Lawrence Krauss: I would bet there's a reasonable likelihood of water. Because there's lots of water produced around stars. When we look at elsewhere in our solar system and the universe, all the ingredients of life are there. Water, organic materials, and sunlight. We've not only discovered rather complex bases of amino acids on comets, some recent experiments in Berkeley just showed that even more complex molecules can be create bide chemistry on those comets. If you expose them to ultra violet light you can create what are called di-peptides -- Really, the basis of the complex molecules that form RNA and DNA. So not only would I not be surprised if there's water, I wouldn't be surprised if there's microbes. I would be surprised if there's intelligent life, but --

Ted Simons: What about sea creatures? If you got water wouldn't have you a sea creature?

Lawrence Krauss: Well first you have to make the microbes that makes sea creatures. It took a long time for that to happen here on Earth. It could -- The point is, that's what's exciting. We don't know what's possible. There's a whole universe of things to find out. That's why it's fun to come on each week --

Ted Simons: Is the Kepler mission -- What is it going to do?

Lawrence Krauss: It looks at planets, the stars. It looks for how the stars get dimmer when the planets go in front of them. A little tiny planet goes in front of a star and you see the star change in brightness by 1%, but you see it happen on a regular basis. And then you can follow it up and see if the star is wiggling back and forth in response to the gravitational pull of the planet. They've discovered, confirmed several hundred stars, but they've discovered over 2,000, -- Not stars, planets. They've discovered over 2,000 planet candidates, and what we're finding is that basically every star probably has a solar system around it. It's really neat.

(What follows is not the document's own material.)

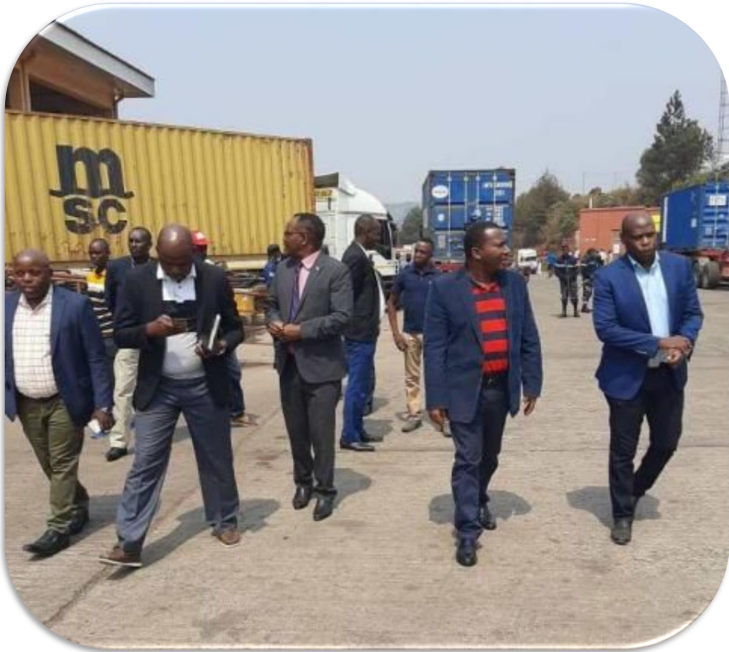
Visite de terrain à l'OBR, 13-14/08/2020.

Ted Simons: Last point, the constellation Lira --

Lawrence Krauss: I don't worry about constellations.

Ted Simons: I love that stuff and I know VEGA is the bright star you can see. If I look at VEGA I could be looking up somewhere within that constellation

Lawrence Krauss: Somewhere in that region, you could be -- There could be stars and sea creatures and there could be -- In 1,200 years, they'll be able to listen to this program.

Ted Simons: Well, lucky them. Good to have you here. Thanks for joining us.